■ What to do: Reproduce the entries shown below only from the line with "振動給料機又稱振動喂料機,是" down to the line with "(Disneyland, 1950s) Charm", keeping both end lines and copying each one exactly.

■ Supplied information:
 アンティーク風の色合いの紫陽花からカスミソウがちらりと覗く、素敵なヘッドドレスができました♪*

==

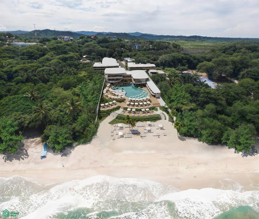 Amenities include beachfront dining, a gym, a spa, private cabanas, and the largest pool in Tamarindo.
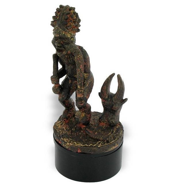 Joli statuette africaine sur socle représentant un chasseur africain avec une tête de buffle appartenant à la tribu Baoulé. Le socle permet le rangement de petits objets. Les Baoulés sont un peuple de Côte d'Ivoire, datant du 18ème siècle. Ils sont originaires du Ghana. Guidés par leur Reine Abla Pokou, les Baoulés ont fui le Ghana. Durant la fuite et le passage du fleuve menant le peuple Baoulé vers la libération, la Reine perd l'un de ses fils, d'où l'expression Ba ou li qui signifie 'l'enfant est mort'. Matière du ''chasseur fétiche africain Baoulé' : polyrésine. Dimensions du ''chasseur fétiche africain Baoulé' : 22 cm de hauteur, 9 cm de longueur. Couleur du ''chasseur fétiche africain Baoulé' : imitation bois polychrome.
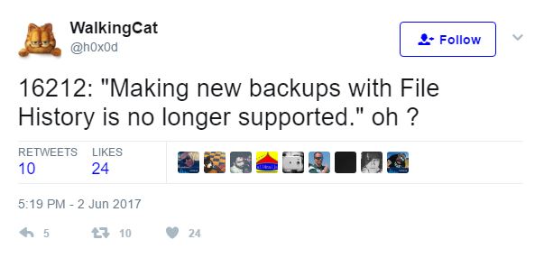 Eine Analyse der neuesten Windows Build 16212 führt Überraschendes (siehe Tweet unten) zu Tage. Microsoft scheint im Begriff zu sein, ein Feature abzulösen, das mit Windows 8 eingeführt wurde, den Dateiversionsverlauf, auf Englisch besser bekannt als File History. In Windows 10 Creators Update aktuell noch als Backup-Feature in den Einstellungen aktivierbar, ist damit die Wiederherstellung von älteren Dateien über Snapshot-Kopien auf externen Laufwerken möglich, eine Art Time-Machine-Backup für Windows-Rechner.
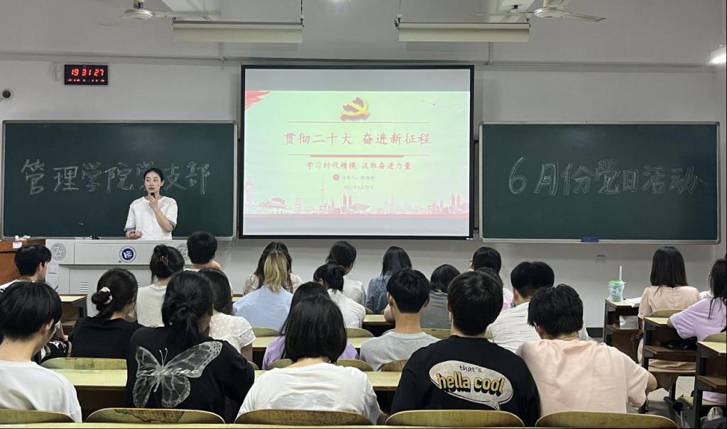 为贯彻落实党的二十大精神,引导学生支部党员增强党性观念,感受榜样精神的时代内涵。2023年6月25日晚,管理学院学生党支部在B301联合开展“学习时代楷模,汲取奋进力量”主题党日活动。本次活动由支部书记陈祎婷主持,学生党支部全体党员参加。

==

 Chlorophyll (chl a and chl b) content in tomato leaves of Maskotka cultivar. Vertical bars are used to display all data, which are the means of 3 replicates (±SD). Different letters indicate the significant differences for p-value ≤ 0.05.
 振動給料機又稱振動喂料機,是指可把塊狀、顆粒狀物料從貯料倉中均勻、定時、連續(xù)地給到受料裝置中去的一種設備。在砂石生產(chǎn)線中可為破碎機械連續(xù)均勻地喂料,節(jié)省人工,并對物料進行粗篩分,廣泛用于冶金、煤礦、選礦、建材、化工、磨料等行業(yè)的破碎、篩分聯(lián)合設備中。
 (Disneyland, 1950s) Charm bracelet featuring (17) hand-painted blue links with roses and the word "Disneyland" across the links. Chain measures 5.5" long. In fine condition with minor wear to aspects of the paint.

■ Answer for the task:
 振動給料機又稱振動喂料機,是指可把塊狀、顆粒狀物料從貯料倉中均勻、定時、連續(xù)地給到受料裝置中去的一種設備。在砂石生產(chǎn)線中可為破碎機械連續(xù)均勻地喂料,節(jié)省人工,并對物料進行粗篩分,廣泛用于冶金、煤礦、選礦、建材、化工、磨料等行業(yè)的破碎、篩分聯(lián)合設備中。
 (Disneyland, 1950s) Charm bracelet featuring (17) hand-painted blue links with roses and the word "Disneyland" across the links. Chain measures 5.5" long. In fine condition with minor wear to aspects of the paint.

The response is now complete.